RSAC2016
Folks are grousing about RSA’s decision to tap actor Sean Penn for the closing keynote this week, since the man knows nothing about security. I share the sentiment, yet I find myself daydreaming about being in the interviewer’s chair instead of RSA President Amit Yoran.
From the keynote description:
Yoran will talk with Penn about his work as an actor, producer and director, about his philanthropy and public advocacy, and about the complicated relationship between Hollywood stardom and privacy. As with our keynotes in recent years from Alec Baldwin and Stephen Colbert, we hope the conversation with Sean Penn helps our community think about our industry—and our world— in new ways.
I have questions for Penn that have nothing to do with his Rolling Stone El Chapo interview.
My mind is on his activities in the early 80s, specifically his time playing stoner surf dude Jeff Spicoli in “Fast Times at Ridgemont High.” Specifically, I want to know:
- If he was worried that sending a pizza delivery guy into the school would pose a security risk?

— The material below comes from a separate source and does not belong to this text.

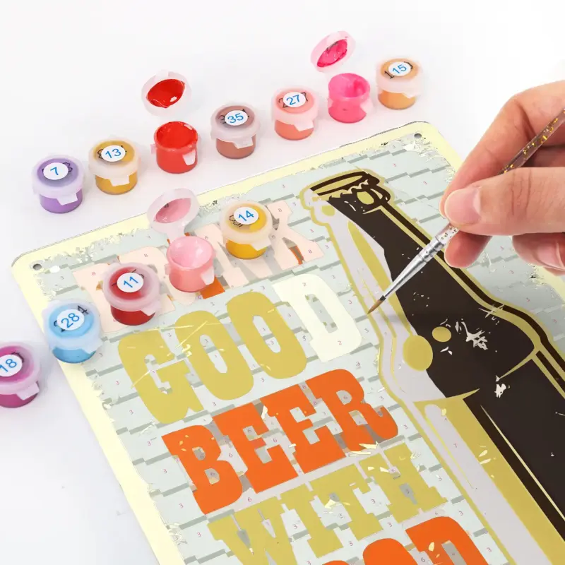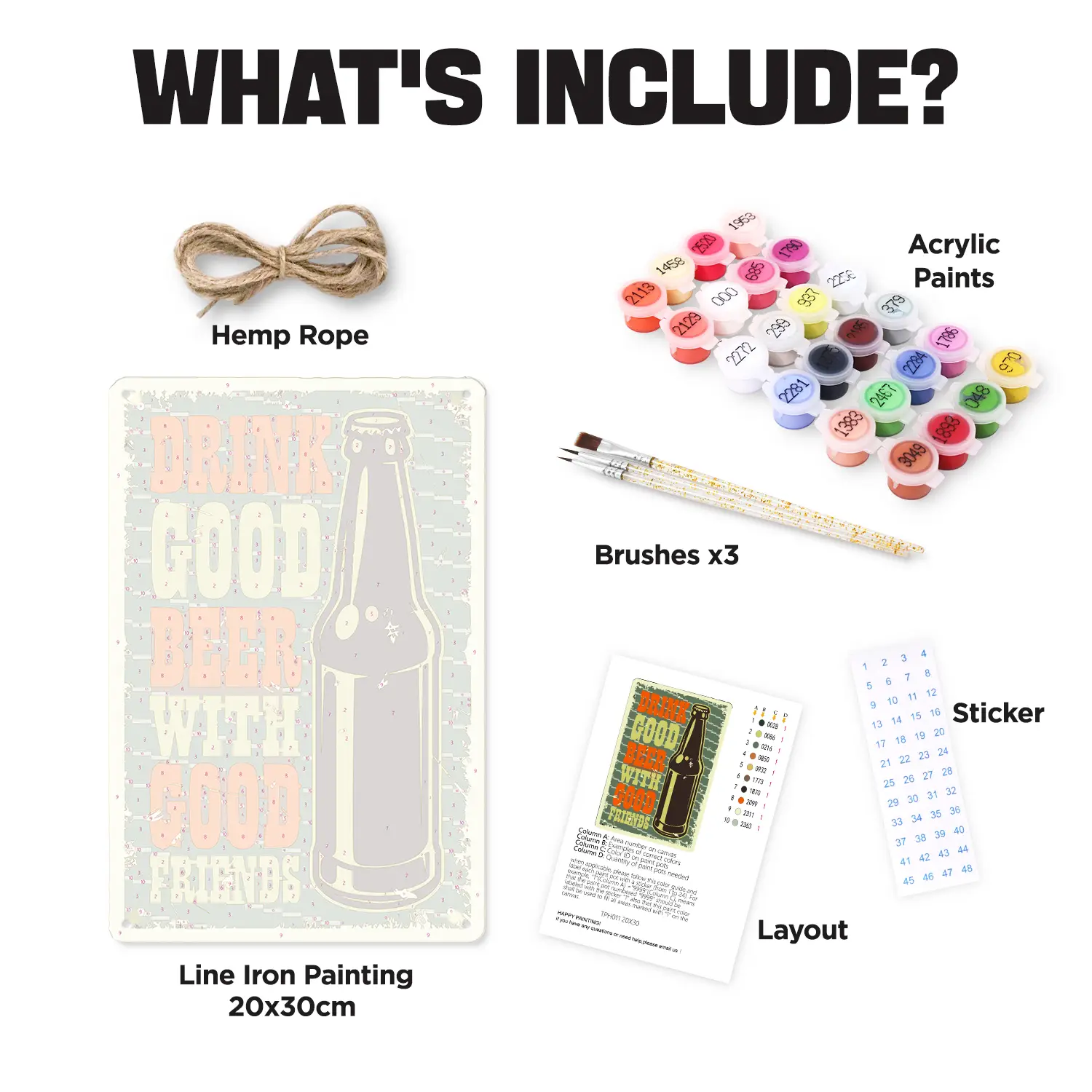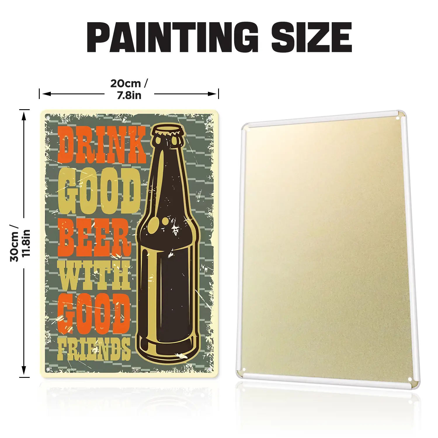 Enhance your bar or home decor with the Drink Good Beer DIY Metal Poster. This vintage-style poster measures 20x30cm or 7.8×11.8 inches and features rounded corners for a sleek look. Made from durable metal, it adds a touch of nostalgia to any room. Perfect for beer enthusiasts, this DIY paint-by-numbers poster allows you to create a unique piece of art that reflects your personality. Its compact size makes it ideal for small spaces, while its vintage design ensures it blends well with both modern and traditional decor.
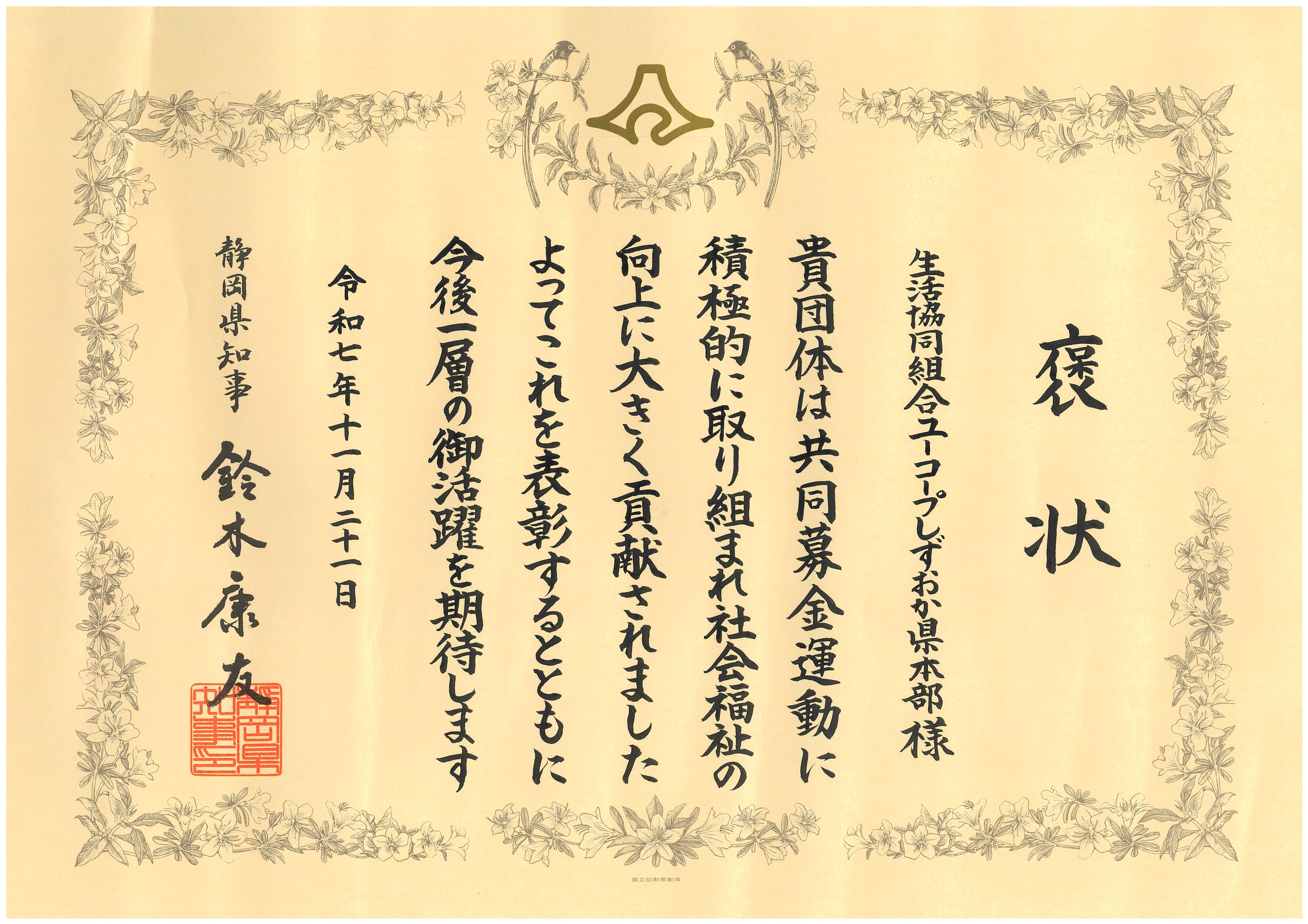ユーコープが静岡県内でおうちCO-OPや店舗ご利用の皆さまへ「赤い羽根共同募金」を長年にわたり呼びかけ、顕著な功績を挙げた団体として「知事褒章 共同募金運動推進者」を受賞しました。

- After he crashed the Trans Am of the school’s star football player (Charles Jefferson, a.k.a. Forest Whitaker) into a construction site, did he realize he’d pulled off a feat of social engineering and obfuscation by making it look like the opposing football team wrecked the car? Jefferson certainly fell for it, and Spicoli succeeded in masking his role as the true culprit.
- Did he make arrangements to maintain security in his backyard when he hired Van Halen to play at his birthday party?
Those questions are a stretch, but then so is RSA’s idea to fit Penn into a security keynote and to seriously expect security practitioners to walk away with new ways to think about the community and industry.